La Cour européenne des droits de l'homme a reconnu l'Italie coupable d'avoir violé l'article 3 de la Convention des droits de l'homme (qui interdit "les traitements ou châtiments inhumains ou dégradants"), à travers la violente répression des manifestations organisées en marge du G8 de Gênes, en 2001.
L'affaire, Bartesaghi Gallo et Autres c. Italy, concerne l'arrestation et le violences physiques perpétrées à 42 manifestants à l'intérieur d'une école qui servait de QG aux activistes de la société civile et aux autres manifestants pacifistes. Dans son verdict, la Cour a estimé que ces violences s'apparentaient à des actes de torture.
Les évènements de ce mois de juillet 2001 sont encore très présents dans les têtes et constituent une page noire dans l'histoire de la police italienne, de la ville de Gênes et du gouvernement italien, qui n'a à ce jour pas encore réagi avec suffisamment fermeté en poursuivant les auteurs de ces violences honteuses.
Les faits
Le sommet du G8 s'est tenu à Gênes, du 19 au 21 juillet 2001, rassemblant les représentants des huit pays les plus industrialisés de la planète. Afin de manifester leur opposition, de nombreuses ONG italiennes et étrangères s'étaient rassemblées et avaient formé le "Genoa Social Forum", un groupe d'opposition au G8.
Les mesures de sécurité mises en place par la ville étaient très élevées, les autorités craignant que les manifestations n'entraînent des actes de vandalisme et des violences, notamment de la part d'un groupe de manifestants connu sous le nom de "Black bloc". Ce dernier ne représentait pas une ONG ou une association, mais se composait plutôt d'anarchistes et d'individus violents.
Le 20 juillet, les manifestations prennent rapidement de l'ampleur, notamment en raison de l'implication de ce groupe, et les affrontements avec la police plongent des quartiers entiers de la chaos.
Le lendemain, un nouvel officier de police est nommé pour rétablir l'ordre public. Il décide de réorganiser des patrouilles de police. Le but: afficher un sens de l'autorité for et de la sévérité.

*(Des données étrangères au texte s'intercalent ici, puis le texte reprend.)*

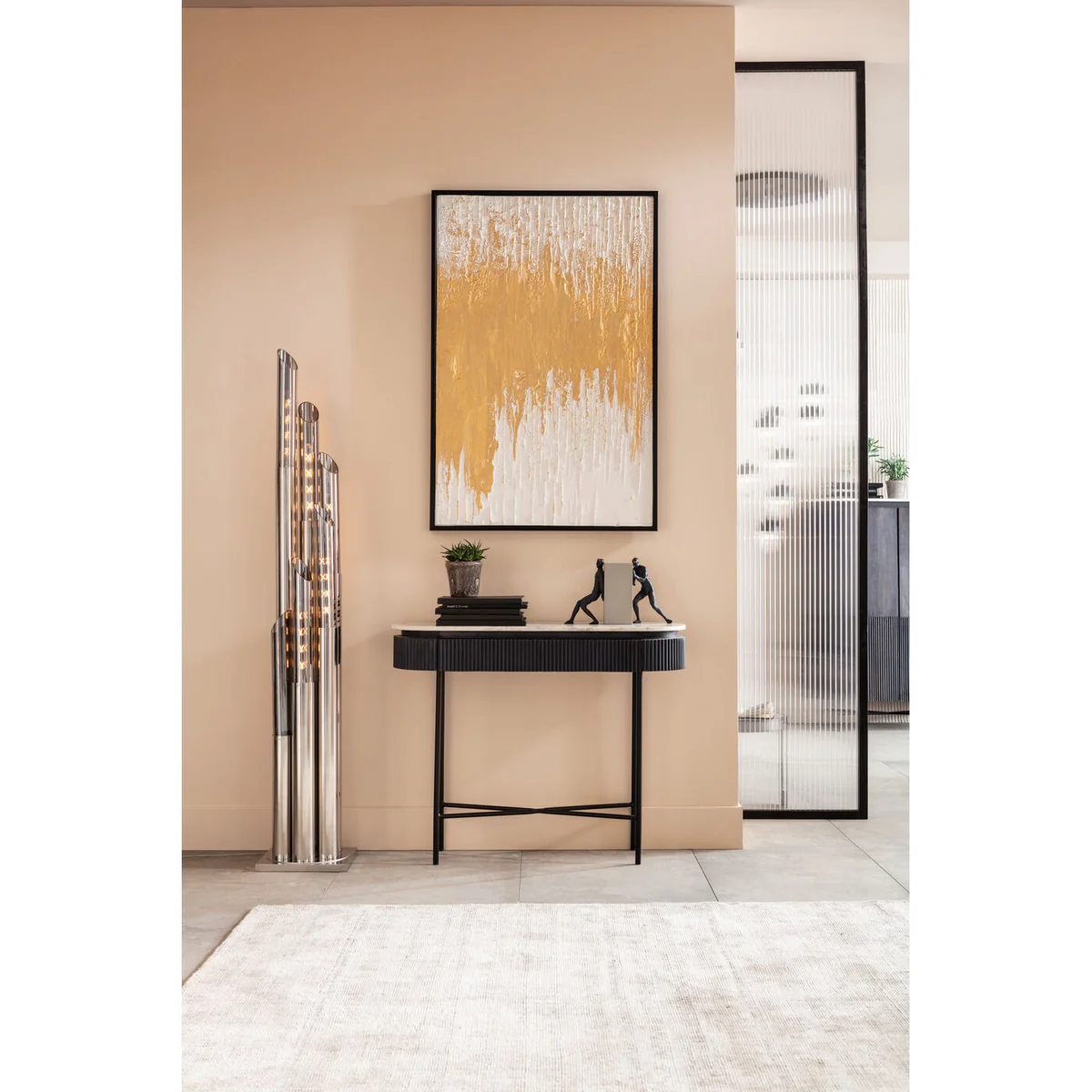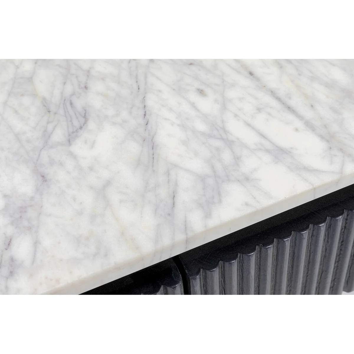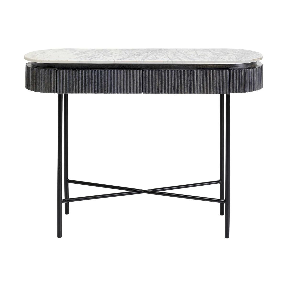 Noble and special - this hallway console wants more. The shape: a flat oval, the storage surface made of light, genuine marble and a body that stands out among the console tables with dark gray fronts and sides made of solid wood in a ribbed look. Glenn radiates discreet noblesse and timeless elegance and convinces with valuable materials. Material: (table top: marble, drawer body: medium density fiberboard lacquered, base: steel powder coated, drawer front: mango solid wood lacquered).

La police passe alors au QG des ONG, situé à l'école Armando Diaz School, où les membres des associations avaient reçu des autorités municipales l'autorisation de rester.
La présence de la police ne tarde pas à provoquer des réactions verbales à l'encontre des forces de l'ordre. En réponse, celles-ci décident immédiatement de boucler la zone afin d'organiser une fouille dans l'école, visant à trouver des manifestants du groupe Black bloc.
Des unités de CRS sécurisent alors la zone et interdit à quiconque d'en sortir. Au total, 500 hommes sont déployés dans le secteur de l'école.
Aux alentours de minuit, la police entre dans l'école et menace de battre avec des matraques celles et ceux qui sont à l'intérieur, sans tenir compte du fait que la plupart d'entre eux se trouvent encore dans des sacs de couchage ou que d'autres lèvent les bras et montrent leurs documents d'identité.
Cette violence inouïe aura fait de nombreux blessés. D'autres seront emmené.es dans des postes de police et placé.es en garde à vue, où les menaces et humiliations perpétrées par les fonctionnaires de police continueront.
L'affaire portée devant la CrEDH de Strasbourg
La CrEDH avait déjà rendu un verdict dans une affaire concernant les mêmes évènements: en 2015, elle avait statué que les interventions policières contre un manifestant en particulier constituaient des actes de torture.
Dans cette plus récente affaire, Bartesaghi Gallo and Others v. Italy., la Cour de Strasbourg a estimé que les mêmes traitements dégradants avaient été infligés par la police. La CrEDH a déterminé que, encore une fois, l'Italie était coupable d'avoir violé la Convention européenne des droits de l'homme, et l'a condamné à payer entre 45000 et 55000 euros de dommages à chacune des victimes.
Suite à cette condamnation, l'ONG Antigone, qui milite depuis longtemps pour qu'une loi reconnaissant et condamnant la torture soit inscrite dans le Code pénal italien, a exhorté le Parlement à créer une Commission d'enquête travaillant sur les évènements du sommet du G8 de 2001, afin de déterminer la responsabilité des autorités dans ces actes et comportements choquants.
Mais l'Italie ne dispose toujours pas d'une loi permettant de punir les coupables: le projet de loi reconnaissant la torture comme un crime dans le Code pénal attend d'être approuvée par la Chambre des députés. Comme l'explique le président d'Antigone, Patrizio Gonnella:
"Le Parlement ne peut plus attendre. Il doit approuver une loi applicable et adéquate, qui soit en accord avec les conventions internationales. Les codes d'identification pour les fonctionnaires de police doivent être mis en place dès maintenant. Cela ne peut se faire sans une loi".